Graded on a Curve:
The Crystals,
Da Doo Ron Ron

Ah, The Crystals—their best songs are every bit as wonderful as their career was checkered by the evil machinations of studio Wunderkind Phil Spector, who made them the first act to record a single on his nascent Phillie Records label. Spector first saddled them with a song so offensive—Carole King and Gerry Goffin’s anthem to masochistic female approval of the physical abuse of women, “He Hit Me (And It Felt Like a Kiss”)—that it almost sidetracked their career at its get-go.

He then proceeded to utilize a group of replacement singers (Darlene Love and the Blossoms) to record such immortal “Crystals” tunes as “He’s a Rebel” and “He’s Sure the Boy I Love.” Finally, he added insult to injury by shifting his attention to a new girl group, the Ronettes, and went so far as to include four songs actually recorded by the Ronettes on the Crystals’ 1963 “best of” LP, The Crystals Sing the Greatest Hits, Volume 1.

Yet despite these dictatorial and confusing antics by Spector, the Crystals remain one of the most beloved girl groups of the years just prior to the British Invasion. Why? Because songs like “Then He Kissed Me” and “Da Doo Ron Ron” are both brilliant and timeless; why just the other day I did a crazy dance in the supermarket, attracting the attention of numerous shoppers, when “Then He Kissed Me” came on over the store’s loudspeakers.

But returning to the theme of exactly who recorded what songs attributed to the Crystals, anyone interested soon finds oneself tangled in a byzantine world of confusion. Take 2001’s Da Doo Ron Ron, a compilation of the band’s greatest hits.
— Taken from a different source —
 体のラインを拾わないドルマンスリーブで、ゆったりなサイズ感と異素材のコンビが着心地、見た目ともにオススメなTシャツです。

At first its ten songs seem to comprise an admirable distillation of only the Crystals’ finest work; you won’t find the “The Frankenstein Twist” or any of the Ronettes’ novelty songs credited to the Crystals (e.g., “Hot Pastrami,” “The Wah Watusi”) on it.
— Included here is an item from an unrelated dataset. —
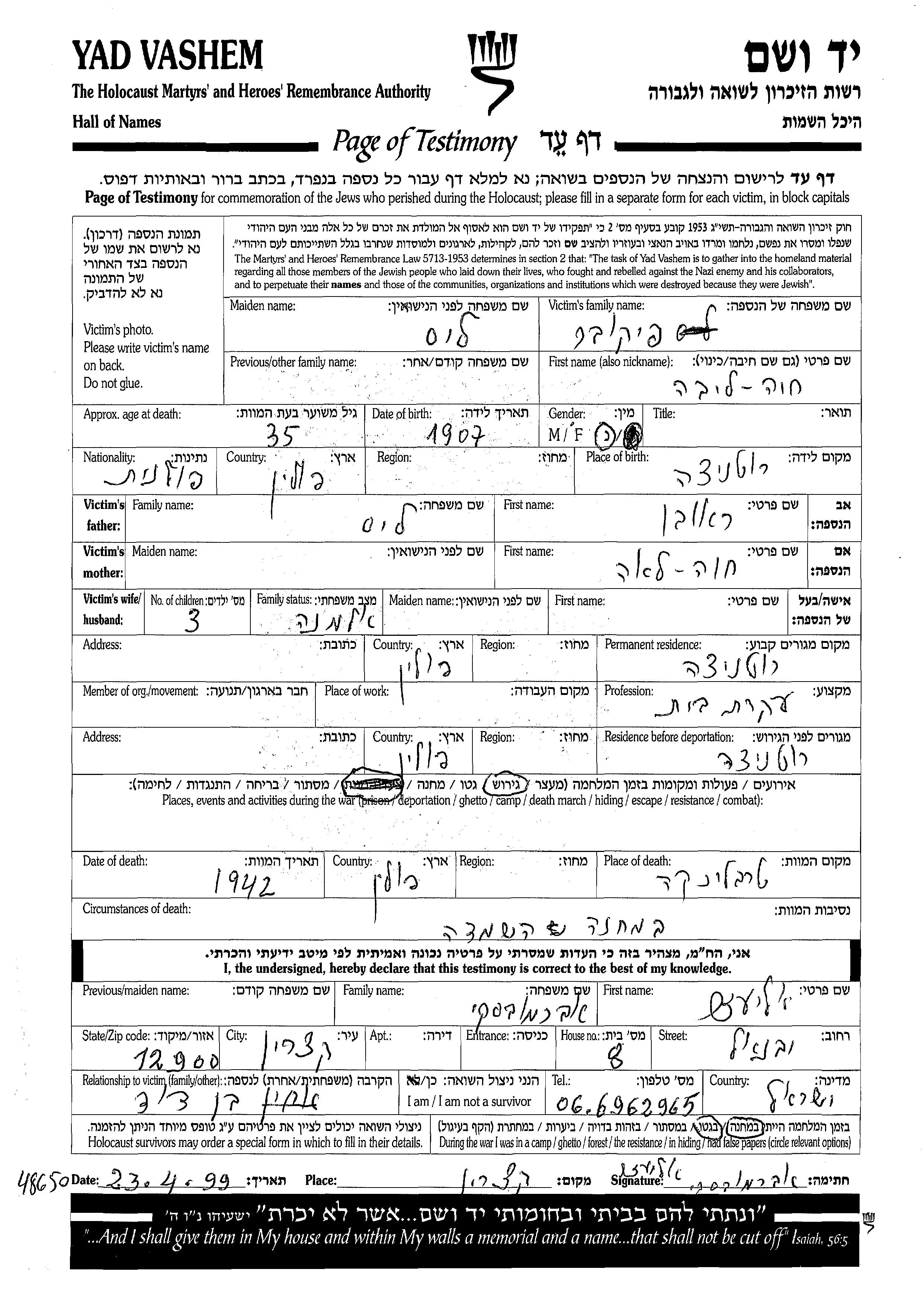 יד ושם - המפעל להנצחת השמות בדפי עד

Upon closer examination, however, it turns out that (as mentioned) “He’s a Rebel” and “He’s Sure the Boy I Love” weren’t sung by the real Crystals at all, while two other songs (i.e., “Tonight I Met the Boy I’m Gonna Marry” and “Look in My Eyes”) are generally credited not to the Crystals but to Darlene Love in the case of the first song and the Chantels (a pioneering girl group that had no connection whatsoever with Phil Spector), in the second. Neither song is listed in any Crystals’ discography I’ve found, but it’s likely they recorded their own, little known, versions of both. And that likely lets you know just how difficult untangling the true facts can be.
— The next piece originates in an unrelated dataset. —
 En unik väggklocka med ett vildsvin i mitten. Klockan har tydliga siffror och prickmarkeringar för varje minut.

But who needs “Look in My Eyes” when they’ve got “Da Doo Ron Ron,” which is indisputably a Crystals’ song and a fantastically catchy one at that? It’s interesting to note that the nonsense syllables that have made the song so legendary were initially placeholders for real lyrics, until Spector decided they made the song. Delores “LaLa” Brooks sings lead, but it’s the ensemble singing, cool piano riff, brief but frantic saxophone solo, and handclaps that make the song so memorable. As for “Then He Kissed Me,” it’s practically a hymn, and a lovely one at that, and I rate it right up there with the best songs that Spector, or California’s Brian Wilson for that matter, ever produced. This was Spector’s “Wall of Sound” at its most sublime, and is definitely on my list of the 50 greatest rock songs ever recorded.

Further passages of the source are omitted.